§ **Data**:
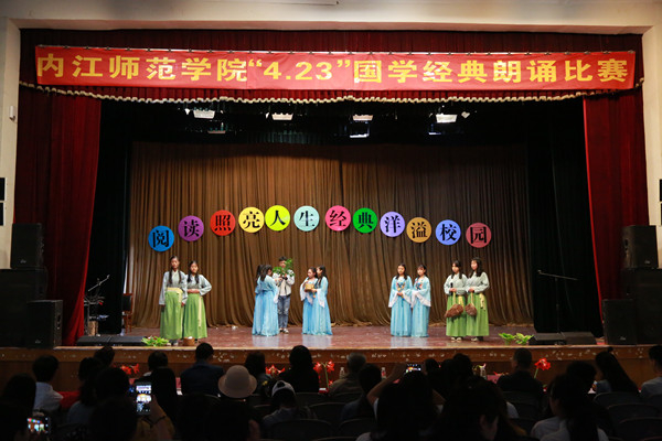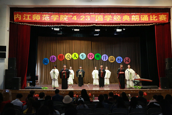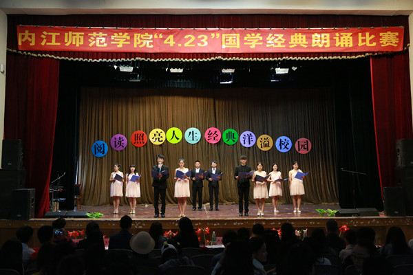 为迎接“世界读书日”,4月23日,由内江师范学院学生工作处联合图书馆主办,大学生读者协会承办的以“品国学经典,扬中国文化”为主题的国学经典朗读比赛在西区礼堂举办。全校16个二级学院代表队同台竞技,文学院代表队获得第二名。
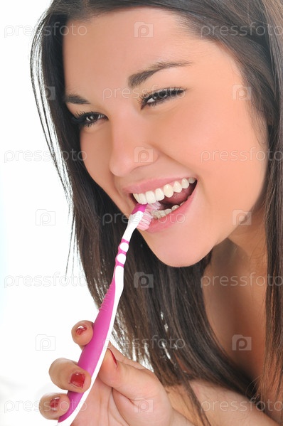 Портрет красивой девушки с зубной щеткой на белом фоне
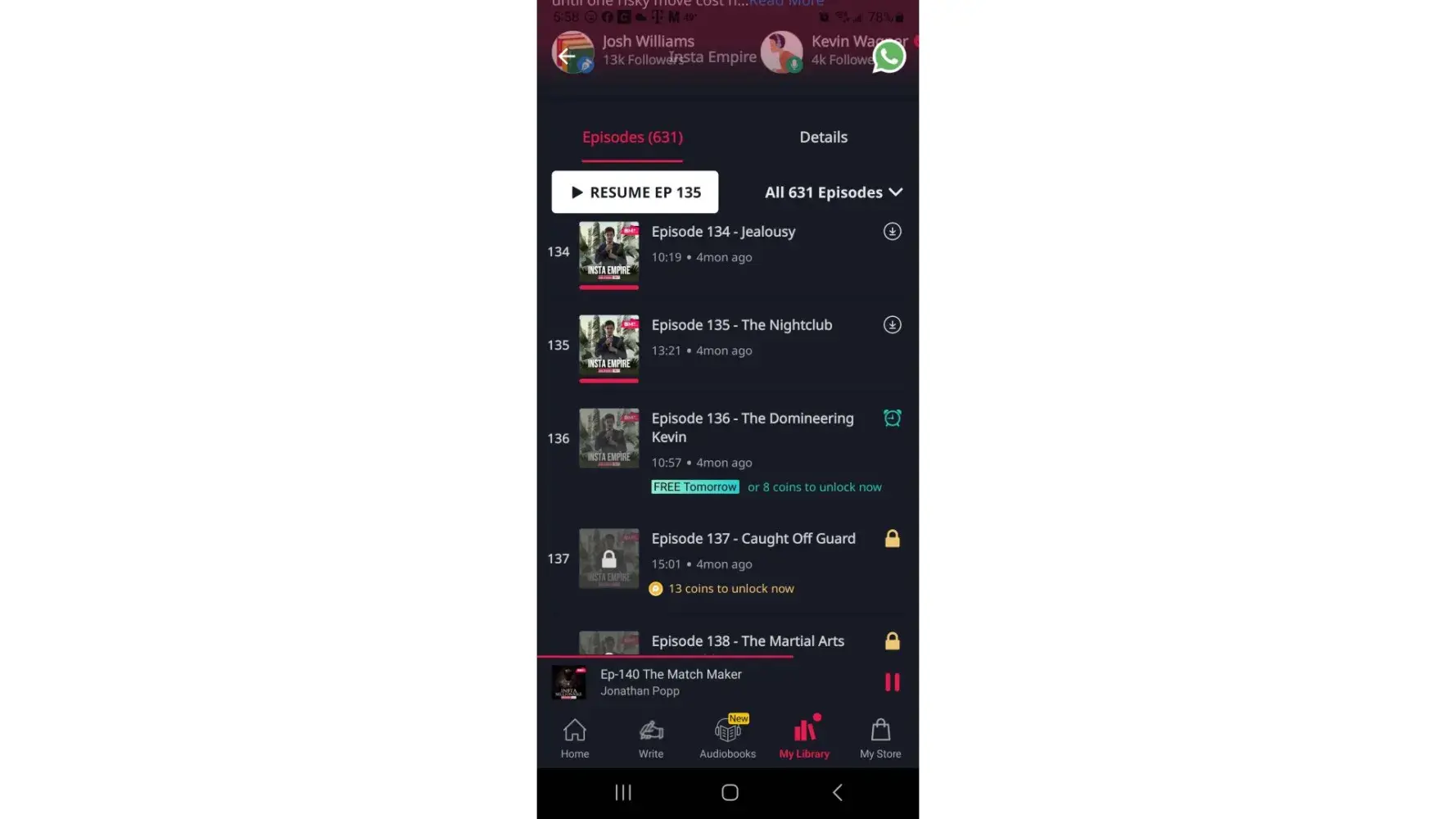 It got me furious! It is a scam!It got me hooked after listening to few episodes and played and watched videos to earn coins to listen episodes. After getting tired of playing, i decided to buy 4.99 worth of coins which i got an email that i purchased 45 coins. After i listened to 3 episodes (15coins). It is again asking me to purchase more coins to continue. What a scam! I sent multiple email which they replied to tell me that I only paid for the 3 episodes. 3 episodes is not 45 !
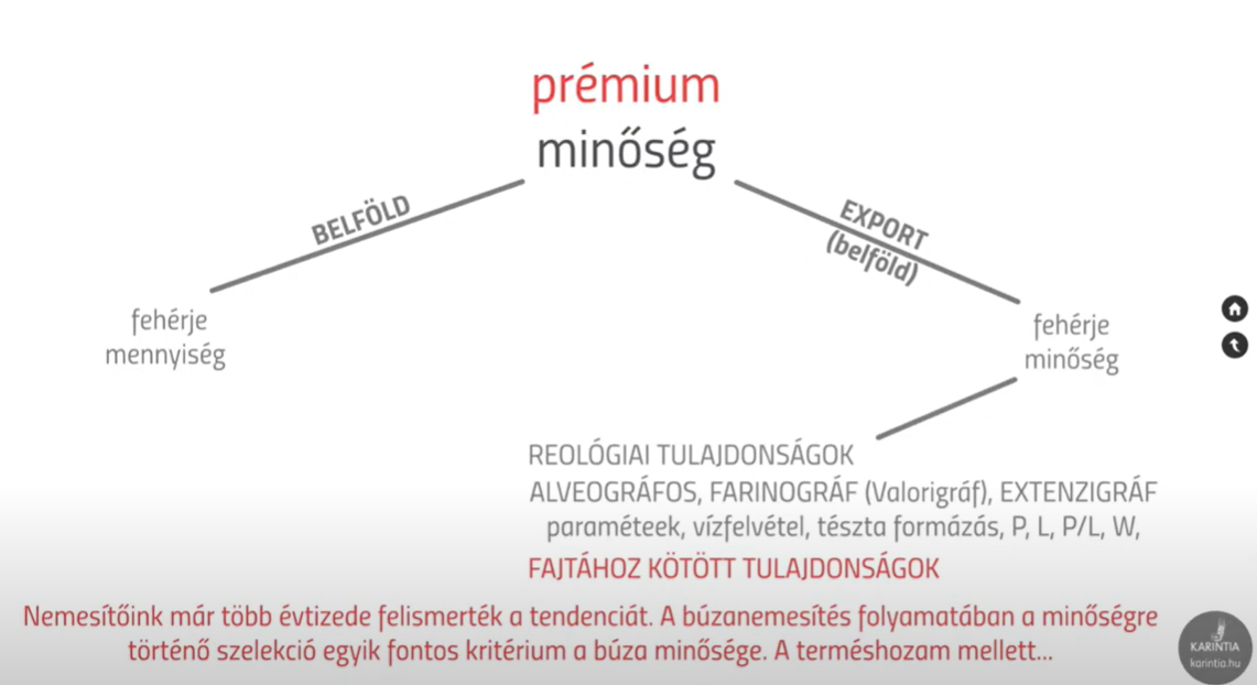 A Karintia vezetője szerint a magyar termelés jellemzően még mindig a mennyiségi szemléleten alapul: sokszor elég a hektoliter-tömeg és a sikér, de az exportpiacok – különösen Ausztria és Olaszország – reológiai paramétereket várnak. Ilyenek például a P, L, W paraméterek, amelyeket tipikusan alveográfos és farinográfos vizsgálatok határoznak meg. Ezek a tulajdonságok genetikai adottságok, tehát már a fajta megválasztásakor eldől, hogy a termény képes lesz-e megfelelni a prémium elvárásoknak.
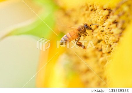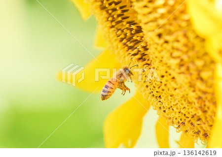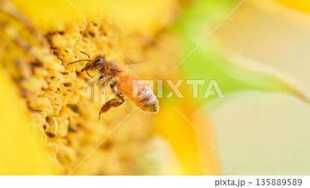 ヒマワリの花に飛んできた一匹のセイヨウミツバチのアップ
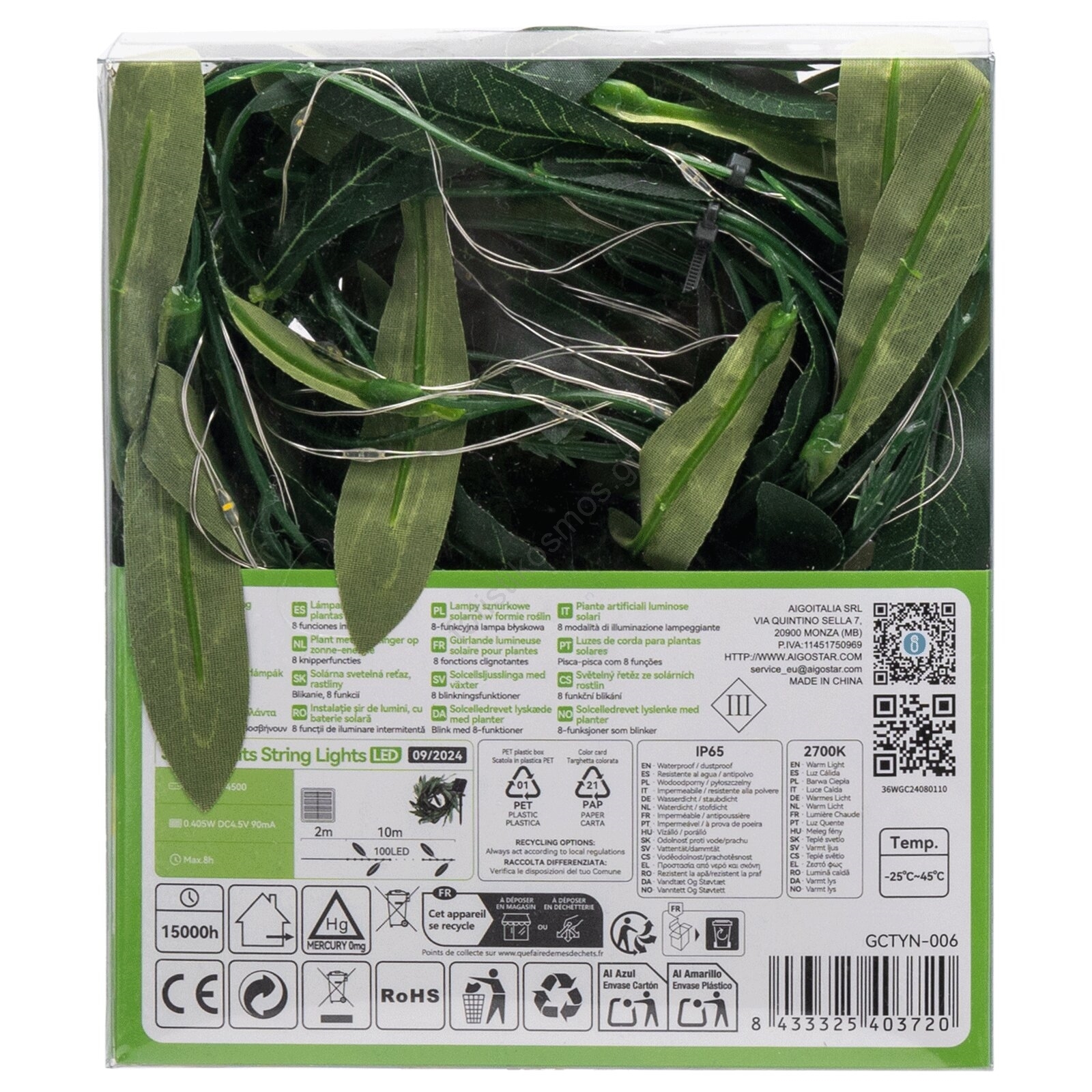 Aigostar - LED ηλιακή σειρά 100xLED/12μ IP65 ζεστό λευκό ελιά | Fotisti kosmos

§ **Work instructions**: From the material above, give again exactly the lines from the one that contains "A Karintia vezetője" through the one that contains "ヒマワリの花に飛んできた一匹のセイヨウミツバチのアップ", and leave out the pictures.

§ **Exercise output**:
 A Karintia vezetője szerint a magyar termelés jellemzően még mindig a mennyiségi szemléleten alapul: sokszor elég a hektoliter-tömeg és a sikér, de az exportpiacok – különösen Ausztria és Olaszország – reológiai paramétereket várnak. Ilyenek például a P, L, W paraméterek, amelyeket tipikusan alveográfos és farinográfos vizsgálatok határoznak meg. Ezek a tulajdonságok genetikai adottságok, tehát már a fajta megválasztásakor eldől, hogy a termény képes lesz-e megfelelni a prémium elvárásoknak.
 ヒマワリの花に飛んできた一匹のセイヨウミツバチのアップ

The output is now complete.